Other proteins may also contribute to MV formation. Accumulation of overexpressed periplasmic proteins promotes increased MV release, possibly via induction of outward budding of the membrane (59). However, these models assume that MVs are released into an aqueous milieu where they are able to freely travel. Although this may be true for pathogenic organisms that live in association with host cells and tissues, it is not the case in partially hydrated environments like microbe-rich soil. Recent studies have suggested a novel mechanism by which organisms may release MVs in water-restricted conditions. The construction of nanopods allows for MVs to travel from bacterial cells such as Delftia species (81). Nanopods are seemingly protective tubular structures made of surface layer protein through which MV-like structures containing LPS and OM proteins are released from cells. Interestingly, nanopod formation is conserved in other organisms, may be facilitated by LPS-surface layer protein interactions (19), and may represent a conserved mechanism for MV release in aqueously poor environments.

Fungi, parasites, and archaea.

Although taxonomically distant, many of the basic features of vesicle production by fungi, parasites, and archaea appear to be conserved, including surface release and the important protein homologues regulating the mechanisms of release. Archaeal vesicle release shares similar features with both prokaryotic and eukaryotic mechanisms of MV production, perhaps representing the most evolutionarily basic process upon which other microbes have adapted additional mechanisms (Fig. 2). Archaeal MVs are surface derived and are released by “pinching off” the cell surface, a phenomenon reminiscent of bacterial MVs and eukaryotic SMVs (Fig. 1B and 3C). While microbial SMV release may be controlled via mechanisms used in mammalian SMV release (via various enzymes, including calpain, flippase, floppase, scramblase, and gelsolin [68]), this process is currently uncharacterized. However, evidence supports a mechanism in which surface MV release by archaea is controlled by a regulated mechanism involving the conserved membrane scission machinery endosomal sorting complex required for transport (ESCRT-III) and vacuolar sorting protein (Vps4) homologues (Fig. 2B and C), as these proteins are found to be released in vesicles (17, 51). Interestingly, the absence of ESCRT-III-like homologues in some vesicle-producing archaea (such as the Thermococcales) suggests that multiple vesicle release mechanisms may exist (BLAST [86]). We focus our discussion on the currently proposed mechanism of archaeal MV release, thought to be modulated by ESCRT-III-like proteins.
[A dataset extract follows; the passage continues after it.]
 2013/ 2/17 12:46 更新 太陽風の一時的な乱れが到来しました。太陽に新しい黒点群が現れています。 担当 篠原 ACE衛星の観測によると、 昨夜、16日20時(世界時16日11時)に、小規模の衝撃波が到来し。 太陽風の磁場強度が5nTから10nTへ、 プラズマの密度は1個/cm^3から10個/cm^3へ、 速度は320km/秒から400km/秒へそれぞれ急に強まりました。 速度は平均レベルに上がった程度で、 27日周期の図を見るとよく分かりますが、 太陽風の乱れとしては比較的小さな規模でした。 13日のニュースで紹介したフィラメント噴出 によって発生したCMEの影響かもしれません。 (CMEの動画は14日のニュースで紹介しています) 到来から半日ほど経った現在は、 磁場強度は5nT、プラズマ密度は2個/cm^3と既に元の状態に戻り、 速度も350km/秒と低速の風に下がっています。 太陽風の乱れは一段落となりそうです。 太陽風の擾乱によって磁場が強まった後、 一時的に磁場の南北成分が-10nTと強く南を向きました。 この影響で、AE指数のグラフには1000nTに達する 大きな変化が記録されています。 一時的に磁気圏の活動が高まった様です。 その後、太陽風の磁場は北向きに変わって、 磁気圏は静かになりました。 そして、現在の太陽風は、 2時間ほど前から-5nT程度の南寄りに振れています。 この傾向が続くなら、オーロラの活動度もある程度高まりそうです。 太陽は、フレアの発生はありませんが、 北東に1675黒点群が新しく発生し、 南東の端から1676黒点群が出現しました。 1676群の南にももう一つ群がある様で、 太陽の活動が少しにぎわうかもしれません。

To further underscore the utilization of similar mechanisms in phylogenetically distinct organisms, the involvement of ESCRT-III homologue proteins has been suggested for archaeal MV release, as well as the creation of vesicles destined to be released as eukaryotic microbial exosomes. Exosome release is a well-characterized process in multicellular eukaryotes. Released exosomes perform functions such as cell-cell communication and secretion and are characterized by specific protein markers, including HSP70, Alix, and clatherin (55). As mentioned previously, when an endocytic vesicle is created, the endosomal membrane is capable of protruding inward, resulting in the accumulation of intraluminal vesicles (ILVs). An MVB containing ILVs then travels to the cell surface, fuses, and releases exosomes into the surrounding environment (Fig. 3B) (37, 55).
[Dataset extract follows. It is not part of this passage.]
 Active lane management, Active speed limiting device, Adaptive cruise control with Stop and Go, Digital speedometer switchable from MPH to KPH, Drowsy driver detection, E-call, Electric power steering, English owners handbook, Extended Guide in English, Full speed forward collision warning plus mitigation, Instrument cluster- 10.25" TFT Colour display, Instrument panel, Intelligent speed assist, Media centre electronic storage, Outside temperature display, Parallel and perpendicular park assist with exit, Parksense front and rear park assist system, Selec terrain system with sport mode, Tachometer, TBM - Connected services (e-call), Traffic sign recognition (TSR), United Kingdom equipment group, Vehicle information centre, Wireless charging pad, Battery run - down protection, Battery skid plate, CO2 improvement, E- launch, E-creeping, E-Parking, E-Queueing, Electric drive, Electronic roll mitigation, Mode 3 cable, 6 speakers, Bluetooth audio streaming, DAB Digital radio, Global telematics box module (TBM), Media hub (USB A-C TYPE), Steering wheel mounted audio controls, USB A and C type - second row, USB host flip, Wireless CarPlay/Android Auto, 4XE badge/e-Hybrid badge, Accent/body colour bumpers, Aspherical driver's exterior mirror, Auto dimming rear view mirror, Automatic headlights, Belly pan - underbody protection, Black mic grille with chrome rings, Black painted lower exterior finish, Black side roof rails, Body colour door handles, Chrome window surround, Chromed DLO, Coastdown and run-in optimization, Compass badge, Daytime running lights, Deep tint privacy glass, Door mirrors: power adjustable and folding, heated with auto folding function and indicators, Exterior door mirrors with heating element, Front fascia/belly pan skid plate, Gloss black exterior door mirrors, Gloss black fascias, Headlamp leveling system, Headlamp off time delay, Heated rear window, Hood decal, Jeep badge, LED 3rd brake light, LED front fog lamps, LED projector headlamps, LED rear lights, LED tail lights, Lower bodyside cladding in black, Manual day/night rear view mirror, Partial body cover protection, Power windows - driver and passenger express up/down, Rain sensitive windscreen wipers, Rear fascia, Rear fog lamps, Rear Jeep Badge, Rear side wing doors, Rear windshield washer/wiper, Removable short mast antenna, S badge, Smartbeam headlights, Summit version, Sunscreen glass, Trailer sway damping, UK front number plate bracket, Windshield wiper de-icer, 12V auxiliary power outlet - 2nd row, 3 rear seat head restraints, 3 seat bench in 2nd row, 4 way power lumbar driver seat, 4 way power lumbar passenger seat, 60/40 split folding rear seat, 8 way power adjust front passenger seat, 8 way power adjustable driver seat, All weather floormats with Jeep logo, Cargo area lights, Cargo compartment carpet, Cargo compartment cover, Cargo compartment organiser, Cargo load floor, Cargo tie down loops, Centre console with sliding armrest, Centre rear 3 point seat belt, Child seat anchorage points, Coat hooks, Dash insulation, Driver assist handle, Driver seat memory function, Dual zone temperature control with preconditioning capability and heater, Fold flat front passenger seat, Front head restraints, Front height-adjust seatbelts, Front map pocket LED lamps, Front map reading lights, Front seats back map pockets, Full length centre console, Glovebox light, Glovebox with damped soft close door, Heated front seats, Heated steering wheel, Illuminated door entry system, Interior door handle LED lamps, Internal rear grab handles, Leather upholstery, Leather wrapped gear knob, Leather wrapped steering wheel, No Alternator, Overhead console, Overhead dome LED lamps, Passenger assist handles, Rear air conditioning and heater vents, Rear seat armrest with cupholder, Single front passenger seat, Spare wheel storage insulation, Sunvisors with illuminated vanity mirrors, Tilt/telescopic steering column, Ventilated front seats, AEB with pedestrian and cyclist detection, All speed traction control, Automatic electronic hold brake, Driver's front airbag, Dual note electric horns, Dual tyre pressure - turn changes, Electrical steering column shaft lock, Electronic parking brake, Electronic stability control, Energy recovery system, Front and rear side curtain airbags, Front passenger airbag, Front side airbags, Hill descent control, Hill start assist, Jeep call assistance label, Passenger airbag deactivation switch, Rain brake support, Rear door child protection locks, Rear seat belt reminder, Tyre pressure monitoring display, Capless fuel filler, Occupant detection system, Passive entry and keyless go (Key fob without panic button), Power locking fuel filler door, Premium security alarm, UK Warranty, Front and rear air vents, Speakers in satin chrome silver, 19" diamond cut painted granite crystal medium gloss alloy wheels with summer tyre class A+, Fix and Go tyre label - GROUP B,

Microbial ILV formation and surface MV formation in archaea are likely facilitated by (or likely involve) proteins which are homologous to mammalian ESCRT-III proteins. ESCRT-III machinery is well conserved between mammals, fungi, and archaea (48) (a full review of this machinery can be found elsewhere [26, 32, 98]). Simply stated, the function of these proteins is to cleave membranous “necks” in processes such as archaeal surface MV release, cell division, viral budding from mammalian cell surfaces, and ILV formation in eukaryotic microbes. These proteins have the ability to cleave membranes from the inside of a cell or vesicle instead of constricting the membrane from the outside. As in bacterial MV release, localization of protein participants in the membrane is a crucial factor in the successful directed release of vesicles. The coordinated actions of the ESCRT-III and Vps4 homologues ensure this critical localization. In eukaryotic systems, monomeric subunits of the ESCRT-III complex are present in the cytoplasm in an inactive form and, upon recruitment to the membrane, become active via conformational changes. ESCRT-III protein complex formation occurs at the membrane, allowing for constriction of the associated membrane (Fig. 2B and 3B). These proteins are only transiently membrane associated and are therefore returned to the cytosol via dissociation of oligomerized ESCRT machinery, a process catalyzed by VPS4 homolog ATPases (Fig. 2C). Although ESCRT-III-dependent ILVs have been shown to be targeted for degradation (not secretion) in a multicellular mammalian system (91), the involvement of these proteins in targeting eukaryotic microbial MVs has yet to be established. Not only are the processes of vesicle release visually similar in eukaryotes and archaea, but the protein participants are conserved and may share similar roles in the mechanistic regulation of release in both types of organisms, although the involvement of the archaeal ESCRT-III homologue proteins remain to be fully elucidated. Utilization of similar processes by such varied organisms for similar functional outcomes, like other essential biological processes, supports the importance of vesicle release for microbes.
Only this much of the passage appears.